Todo mundo gostaria de ser otimista – mas não é fácil, dadas as circunstâncias. Joseph E. Stiglitz, Prêmio Nobel de Economia em 2001, diz que “é fácil lá no topo mandar cortar gastos, mas é difícil quando você é um político e a taxa de desemprego está em 18%”. Mais difícil ainda é num país da América Latina, que não é como os Estados Unidos, onde há uma rede de proteção social. “Demitir um trabalhador tem enormes consequências econômicas e sociais”, disse Stiglitz. De 1980 a 2000, a renda per capita na América Latina cresceu apenas um décimo da taxa das duas décadas anteriores, quando os governos seguiam políticas mais intervencionistas e protecionistas.

Em um relatório divulgado no início de agosto, a Comissão Econômica para a América Latina (Cepal) previu que não haverá nenhuma melhora imediata. Segundo o relatório, a economia latino-americana enfrentará uma contração de 1% neste ano, em grande parte devido à implosão
da economia da Argentina.

O novo dinheiro para o Brasil será distribuído ao longo de 15 meses. É, como disse Delfim Netto, uma bóia para salvar o governo Fernando Henrique Cardoso em seus meses derradeiros e uma âncora para amarrar quem ganhar a eleição presidencial.
 

O BC VOLTA ATRÁS

Durou apenas 75 dias a tentativa do governo de dar transparência aos fundos de investimento. Na noite da quarta-feira 14, o Banco Central (BC) anunciou um pacotinho de medidas para conter a sangria de recursos iniciada no início de junho, quando passaram a valer novas regras de contabilização dos fundos. Mais de R$ 50 bilhões já haviam migrado para outras modalidades de investimento desde então. Até a pouco atraente poupança estava recebendo um fluxo acima da média de recursos, em detrimento dos fundos.

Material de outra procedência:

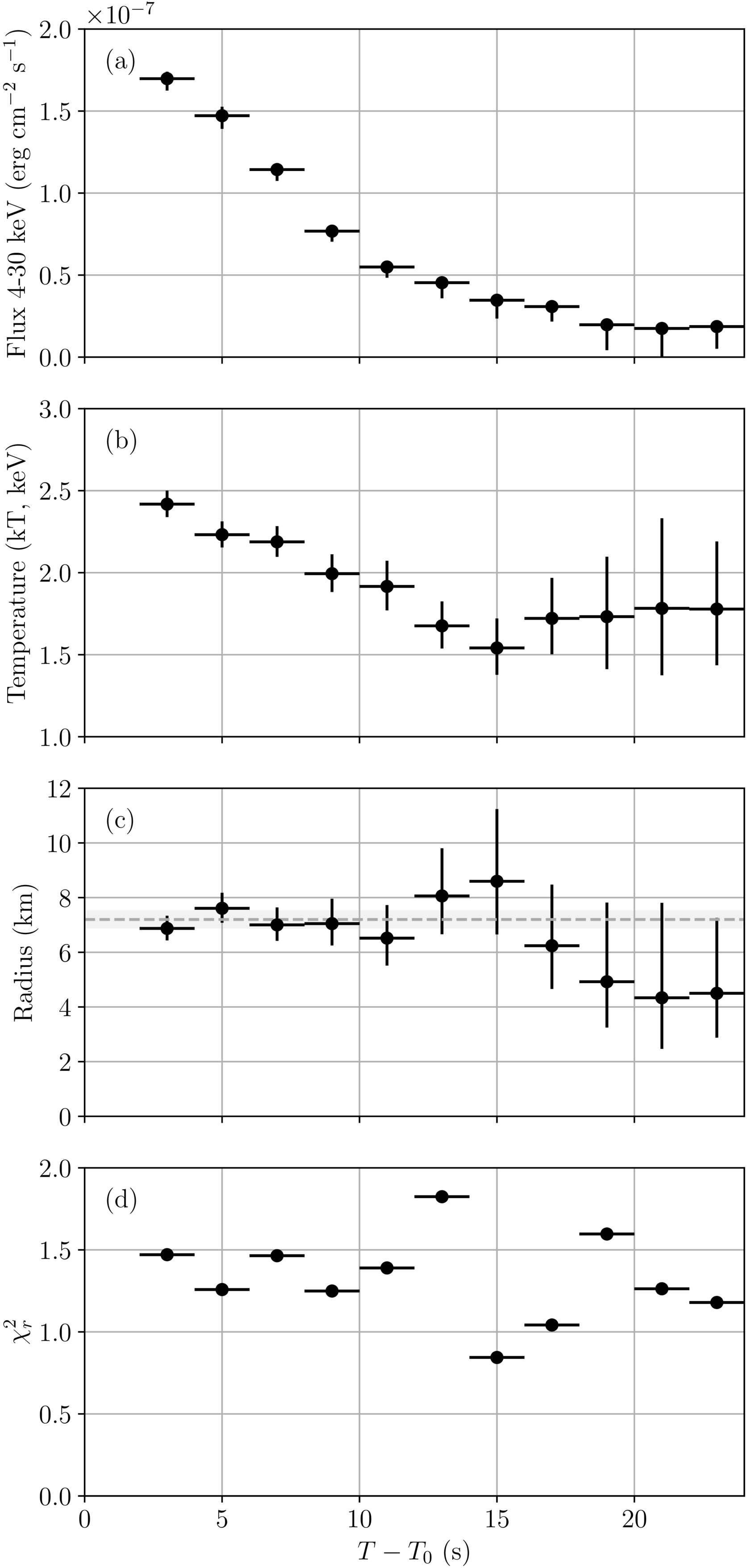 Evolution of time-resolved spectroscopy with a bbodyrad model, with (a) the flux between 4 and 30 keV, (b) the temperature kT, (c) the emission radius, assuming a distance of 3 kpc, with a constant radius shown as a dashed line, and (d) the reduced chi square ﹩{\chi }_{r}^{2}={\chi }^{2}/17﹩ degrees of freedom.

A chamada “marcação a mercado” (ou a definição do valor da cota a partir do valor real dos títulos em carteira) já não vale mais. Agora, os bancos poderão voltar a informar aos investidores o rendimento calculado a partir do vencimento do papel. Uma prática que o próprio BC tentou coibir quando, no meio de um feriado na virada de maio para junho, baixou a norma que agora revoga. “Nós não estamos voltando atrás”, jura o diretor de política monetária do BC, Luiz Fernando Figueiredo, dizendo que não havia outra coisa a fazer em maio.
O pacote do BC inclui uma recompra de títulos públicos que deve chegar a R$ 11 bilhões até o fim do ano. Mais uma estratégia para atrair de novo os investidores que fugiram nos últimos dois meses e meio dos fundos. Como cliente de si próprio, o governo tende a causar uma elevação na cotação dos títulos, que se vêm desvalorizando gradualmente. Com isso, eleva a remuneração e, de quebra, valoriza o próprio “produto” no mercado.

O drama todo começou quando os clientes perceberam que, com as novas regras contábeis, os fundos deixavam de ser um porto seguro para guardar as economias. Fundos até então estáveis passaram a oscilar muito, inclusive causando perdas de até 5% em
um mês. A reação, em forma de saques em massa, foi imediata. Mesmo assim, o BC mantinha a linha adotada, apostando que a maior transparência trazida pelas novas regras agradaria aos poucos. Não foi o que aconteceu. O jeito foi voltar atrás.